Go through the listing below and write out exactly the lines from the one that mentions "Arduino Uno (R3) DIP 정품 아두이노 우노 DIP 보드" through the one that mentions "Канифоль сосновая марки", minus the pictures.

Entries shown>
☆ ☆ ☆

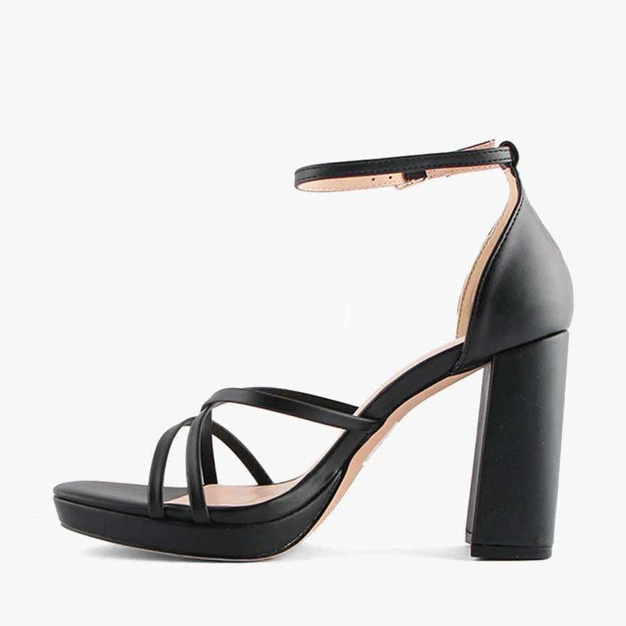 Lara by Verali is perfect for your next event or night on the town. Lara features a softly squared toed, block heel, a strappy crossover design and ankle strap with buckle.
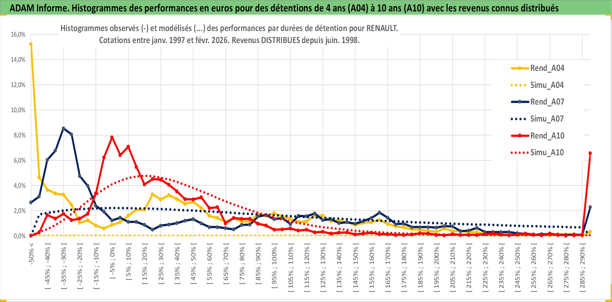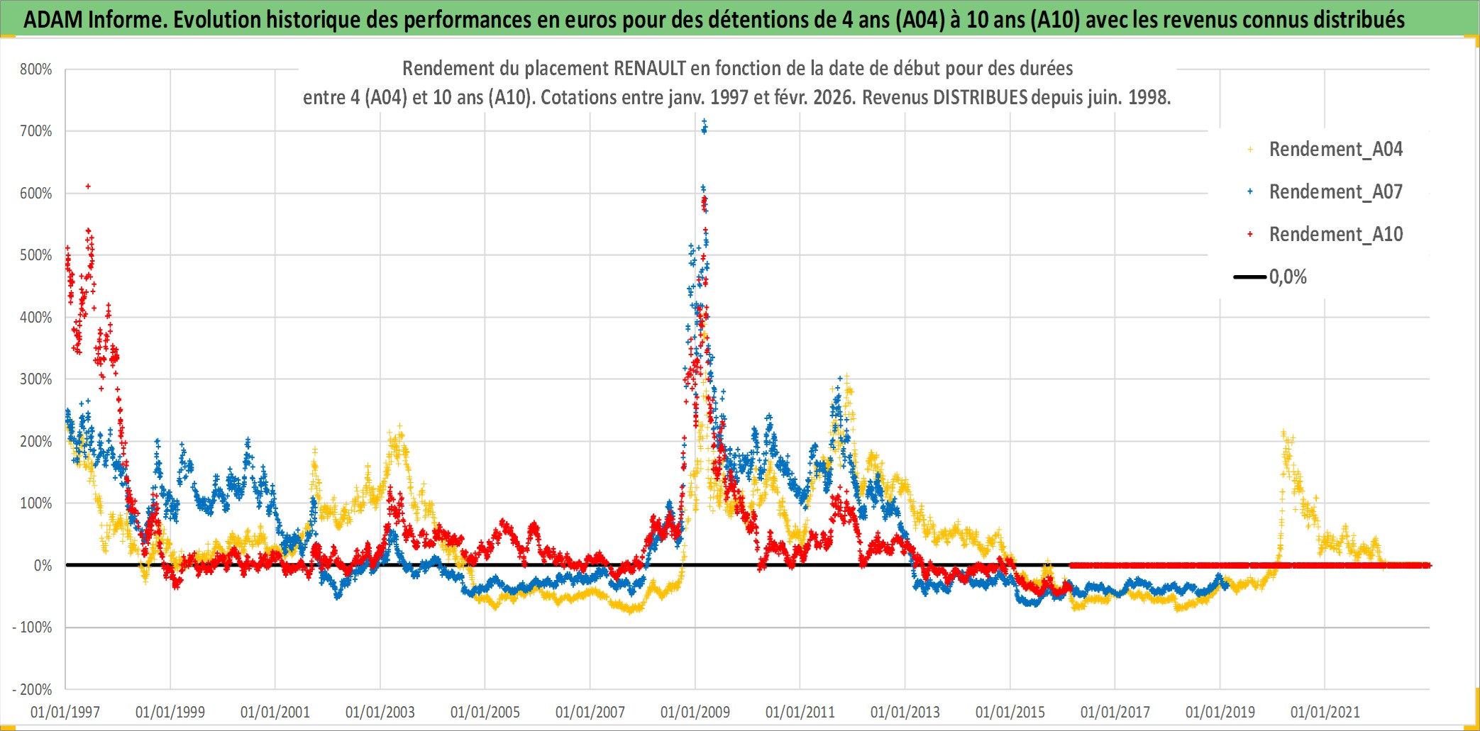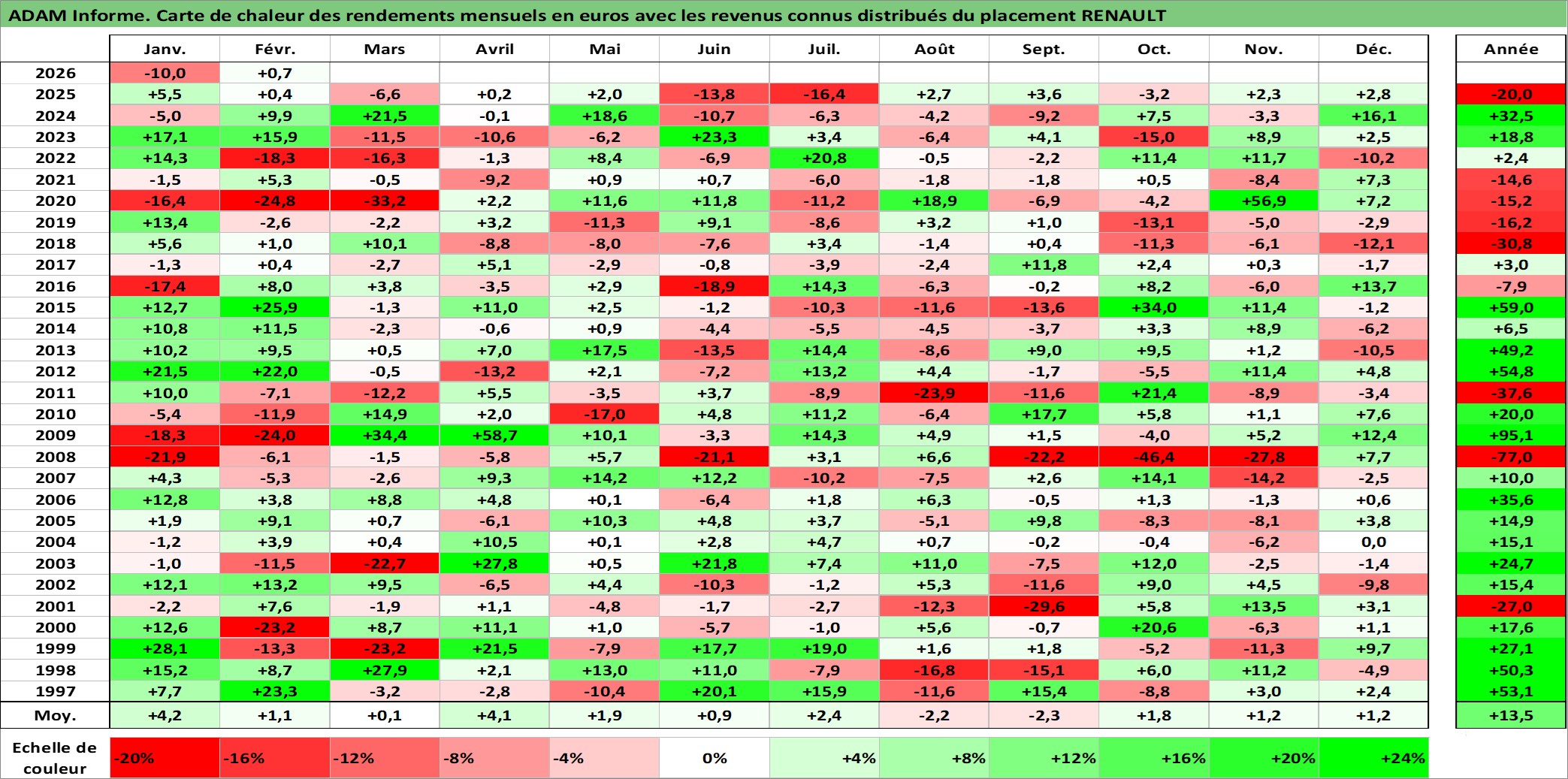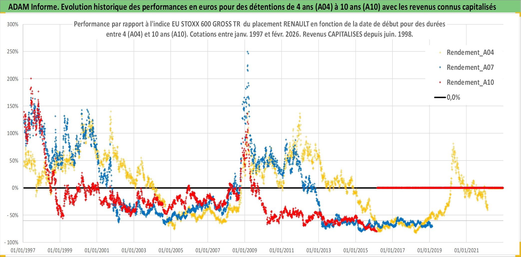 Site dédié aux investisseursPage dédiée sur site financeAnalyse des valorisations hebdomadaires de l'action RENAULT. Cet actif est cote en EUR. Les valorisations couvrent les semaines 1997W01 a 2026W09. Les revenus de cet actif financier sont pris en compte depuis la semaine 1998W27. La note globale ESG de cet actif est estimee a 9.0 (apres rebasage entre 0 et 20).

☆ ☆ ☆

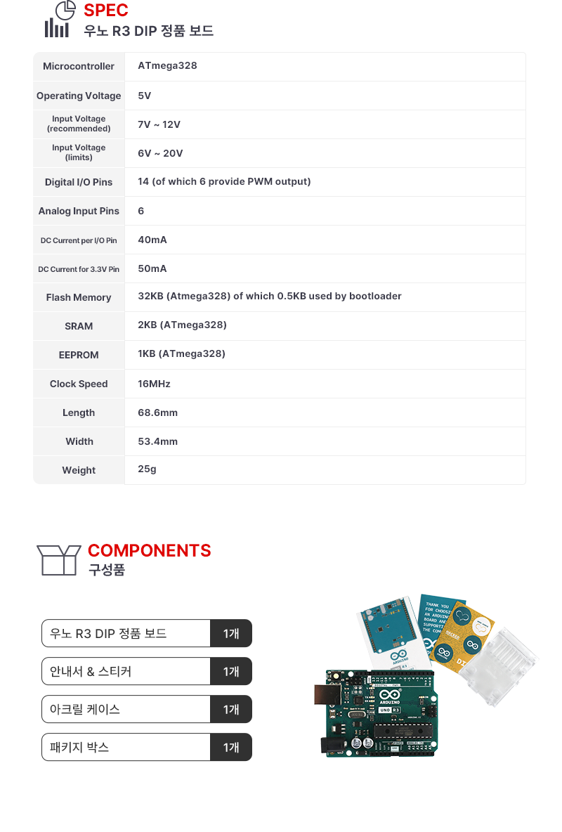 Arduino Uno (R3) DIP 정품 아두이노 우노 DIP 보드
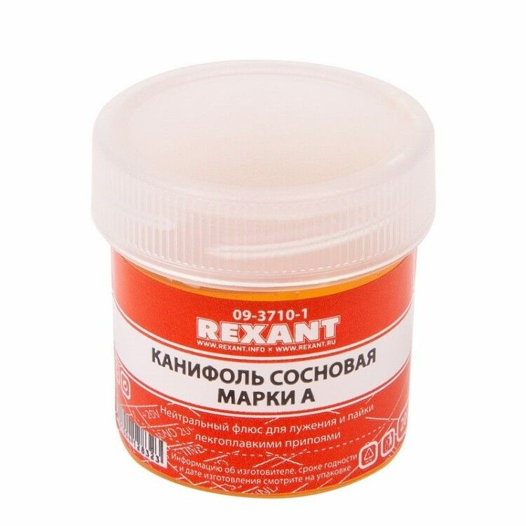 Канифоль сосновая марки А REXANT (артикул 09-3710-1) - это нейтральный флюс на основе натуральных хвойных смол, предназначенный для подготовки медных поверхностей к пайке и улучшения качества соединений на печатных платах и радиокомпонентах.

☆ ☆ ☆

Expected answer>
 Arduino Uno (R3) DIP 정품 아두이노 우노 DIP 보드
 Канифоль сосновая марки А REXANT (артикул 09-3710-1) - это нейтральный флюс на основе натуральных хвойных смол, предназначенный для подготовки медных поверхностей к пайке и улучшения качества соединений на печатных платах и радиокомпонентах.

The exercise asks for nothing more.